How to use large language models like ChatGPT for Customer Service
DigitalGenius’s Head of AI Innovation from 2018-2023
26 Apr 2023
9.5 min read
Have you ever stumbled upon a TV show you had no idea existed but ended up becoming hooked on it after just one episode? That’s exactly what happened to me when I first watched Forged in Fire. The show is about 4 smiths competing with each other to build the best blade. While I used to think that a sword was just a piece of steel with a cutting edge, I realised that each sword version was there for a reason: every era and culture in the world had its way of thinking about sword fights and the swords needed to be adapted to culture, traditions, fighting style, technology. A Middle Age European longsword would not do any good during the era of Japanese samurais. Even if the base is steel, the way the sword is shaped, the handles, the curves, or the cutting edge, all have to be tuned to specific needs.

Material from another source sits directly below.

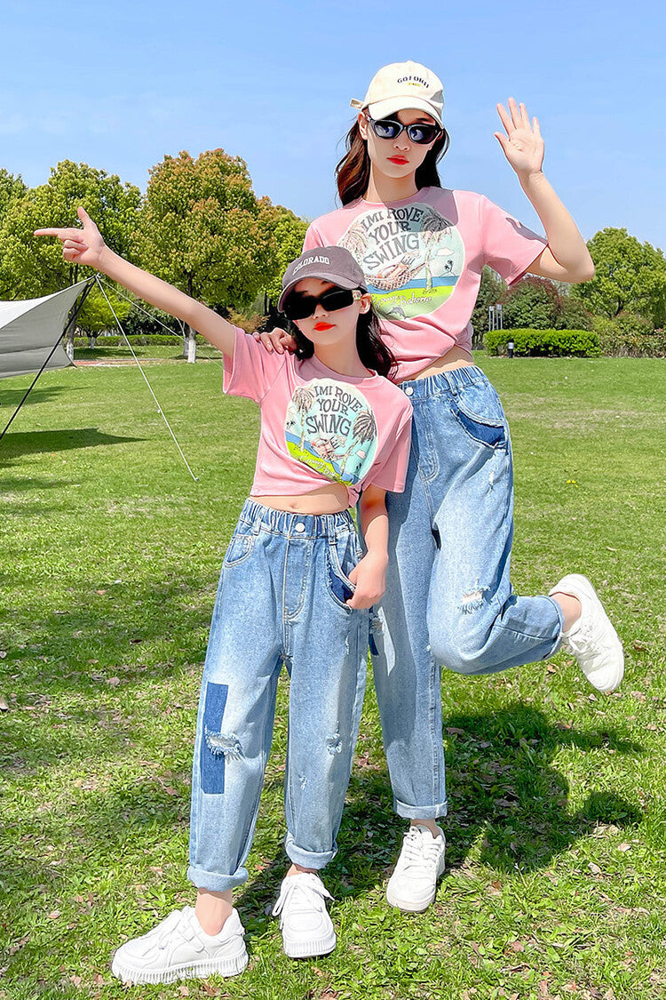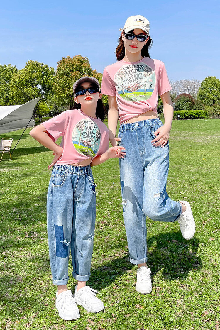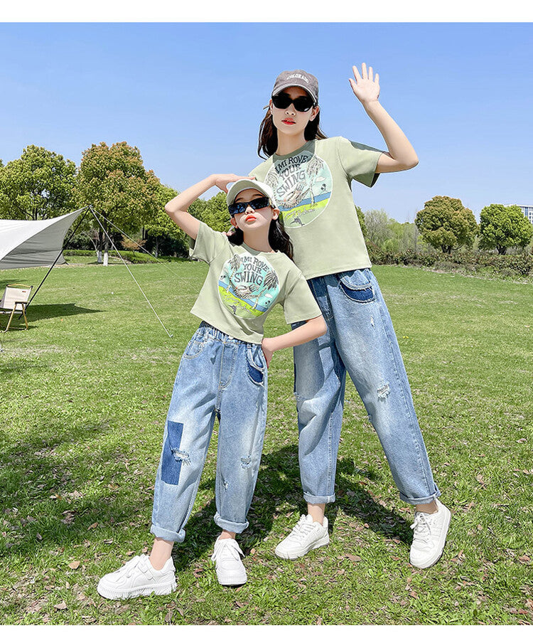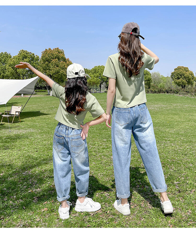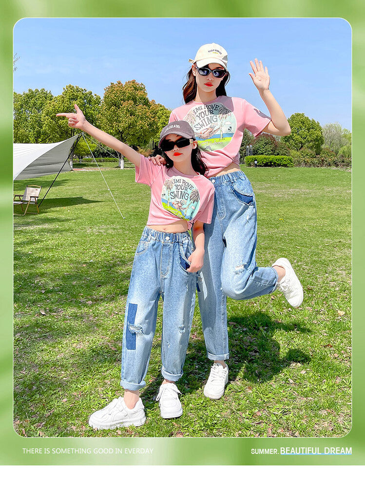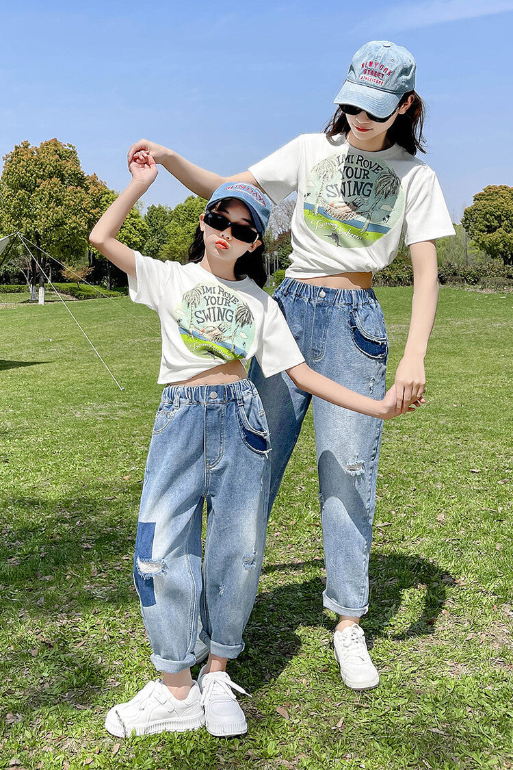 FU14042024-30 طقم بناتي قطعتين ( بلوزة قطنية + بنطلون جينز ناعم )

As a modern tool, Artificial intelligence follows similar rules. Large language models work the same way, having the same base and then being fine-tuned to fit a particular need.
If GPT is the steel, there are multiple ways to forge it to adapt it to different use cases and businesses. Tuning the base model to fit your business needs and customers is not an easy task. We will see that using the OpenAI off the shelf is rarely good enough for your business.
At DigitalGenius, our AI models from 8 years ago are very different from the models we develop now, from basic NLP to Large Language Models, we went through the quickly evolving AI landscape and had to adapt. Not to follow a trend but to solve the problems our customers face.
But before jumping into the GPT fine-tuning, maybe I should explain what the base material is in our case. Where does our steel (Artificial Intelligence) come from?
What is NLP?
Natural Language Processing (NLP) is a name given to all AI algorithms and methods to help process human languages.
Making the computer understand human language and getting knowledge from a text in a split second is a big challenge for NLP engineers. NLP is a broad term that goes from keyword detection to large language models like ChatGPT. A few years ago, companies automating customer service queries were still using keyword detection to detect the intent, but we were quick to realise that these methods led to low accuracy and low coverage which meant unsatisfied customers.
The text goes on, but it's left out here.